## Exercise instructions
Print nothing but the lines below starting at the line that holds "- Ethnoreligious conflicts" and ending at the line that holds "Four Raspberry Blooms", including both, each exactly as written.

Items from a dataset:
···

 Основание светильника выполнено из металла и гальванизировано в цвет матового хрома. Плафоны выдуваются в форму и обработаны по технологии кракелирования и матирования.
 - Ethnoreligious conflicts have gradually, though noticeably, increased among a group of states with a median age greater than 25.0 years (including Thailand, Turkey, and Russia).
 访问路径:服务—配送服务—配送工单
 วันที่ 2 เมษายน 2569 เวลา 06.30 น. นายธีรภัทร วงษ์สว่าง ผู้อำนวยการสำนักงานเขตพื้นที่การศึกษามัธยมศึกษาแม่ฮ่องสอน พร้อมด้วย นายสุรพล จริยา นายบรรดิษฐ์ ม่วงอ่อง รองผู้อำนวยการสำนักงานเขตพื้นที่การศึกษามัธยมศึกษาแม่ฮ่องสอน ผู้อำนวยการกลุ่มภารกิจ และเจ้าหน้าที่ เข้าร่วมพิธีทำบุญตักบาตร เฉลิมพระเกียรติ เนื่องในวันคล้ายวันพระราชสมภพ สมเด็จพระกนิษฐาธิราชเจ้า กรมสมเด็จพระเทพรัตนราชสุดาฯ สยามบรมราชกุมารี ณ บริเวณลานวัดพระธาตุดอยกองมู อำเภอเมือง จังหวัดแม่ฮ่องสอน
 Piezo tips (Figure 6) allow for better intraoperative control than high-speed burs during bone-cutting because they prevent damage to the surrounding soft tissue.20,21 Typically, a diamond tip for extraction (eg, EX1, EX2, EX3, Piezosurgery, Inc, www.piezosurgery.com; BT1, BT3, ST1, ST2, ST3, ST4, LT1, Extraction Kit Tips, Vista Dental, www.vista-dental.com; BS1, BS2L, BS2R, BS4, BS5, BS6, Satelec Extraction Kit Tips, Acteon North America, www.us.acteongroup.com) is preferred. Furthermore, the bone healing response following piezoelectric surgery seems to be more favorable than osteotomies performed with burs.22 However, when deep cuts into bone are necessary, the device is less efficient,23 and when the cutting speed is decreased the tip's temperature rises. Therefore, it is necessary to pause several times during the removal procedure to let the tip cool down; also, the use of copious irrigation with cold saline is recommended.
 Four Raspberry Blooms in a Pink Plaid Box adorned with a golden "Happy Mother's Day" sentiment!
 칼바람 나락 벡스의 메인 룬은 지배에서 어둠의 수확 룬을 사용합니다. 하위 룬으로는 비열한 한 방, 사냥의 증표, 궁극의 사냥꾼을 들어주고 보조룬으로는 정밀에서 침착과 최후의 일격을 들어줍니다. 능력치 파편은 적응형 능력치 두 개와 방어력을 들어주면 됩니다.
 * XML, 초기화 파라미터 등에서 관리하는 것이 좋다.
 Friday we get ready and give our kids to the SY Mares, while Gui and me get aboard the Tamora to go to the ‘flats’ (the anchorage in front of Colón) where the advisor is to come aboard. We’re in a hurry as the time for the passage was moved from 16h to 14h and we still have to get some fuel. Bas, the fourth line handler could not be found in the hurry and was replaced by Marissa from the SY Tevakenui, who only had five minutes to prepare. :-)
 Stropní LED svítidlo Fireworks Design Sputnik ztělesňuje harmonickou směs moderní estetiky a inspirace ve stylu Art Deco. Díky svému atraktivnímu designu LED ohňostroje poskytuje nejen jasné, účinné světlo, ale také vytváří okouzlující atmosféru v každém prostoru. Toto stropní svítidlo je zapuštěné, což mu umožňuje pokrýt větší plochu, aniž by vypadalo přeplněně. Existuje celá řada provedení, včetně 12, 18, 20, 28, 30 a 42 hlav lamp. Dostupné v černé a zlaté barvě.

···

## Task response
 - Ethnoreligious conflicts have gradually, though noticeably, increased among a group of states with a median age greater than 25.0 years (including Thailand, Turkey, and Russia).
 访问路径:服务—配送服务—配送工单
 วันที่ 2 เมษายน 2569 เวลา 06.30 น. นายธีรภัทร วงษ์สว่าง ผู้อำนวยการสำนักงานเขตพื้นที่การศึกษามัธยมศึกษาแม่ฮ่องสอน พร้อมด้วย นายสุรพล จริยา นายบรรดิษฐ์ ม่วงอ่อง รองผู้อำนวยการสำนักงานเขตพื้นที่การศึกษามัธยมศึกษาแม่ฮ่องสอน ผู้อำนวยการกลุ่มภารกิจ และเจ้าหน้าที่ เข้าร่วมพิธีทำบุญตักบาตร เฉลิมพระเกียรติ เนื่องในวันคล้ายวันพระราชสมภพ สมเด็จพระกนิษฐาธิราชเจ้า กรมสมเด็จพระเทพรัตนราชสุดาฯ สยามบรมราชกุมารี ณ บริเวณลานวัดพระธาตุดอยกองมู อำเภอเมือง จังหวัดแม่ฮ่องสอน
 Piezo tips (Figure 6) allow for better intraoperative control than high-speed burs during bone-cutting because they prevent damage to the surrounding soft tissue.20,21 Typically, a diamond tip for extraction (eg, EX1, EX2, EX3, Piezosurgery, Inc, www.piezosurgery.com; BT1, BT3, ST1, ST2, ST3, ST4, LT1, Extraction Kit Tips, Vista Dental, www.vista-dental.com; BS1, BS2L, BS2R, BS4, BS5, BS6, Satelec Extraction Kit Tips, Acteon North America, www.us.acteongroup.com) is preferred. Furthermore, the bone healing response following piezoelectric surgery seems to be more favorable than osteotomies performed with burs.22 However, when deep cuts into bone are necessary, the device is less efficient,23 and when the cutting speed is decreased the tip's temperature rises. Therefore, it is necessary to pause several times during the removal procedure to let the tip cool down; also, the use of copious irrigation with cold saline is recommended.
 Four Raspberry Blooms in a Pink Plaid Box adorned with a golden "Happy Mother's Day" sentiment!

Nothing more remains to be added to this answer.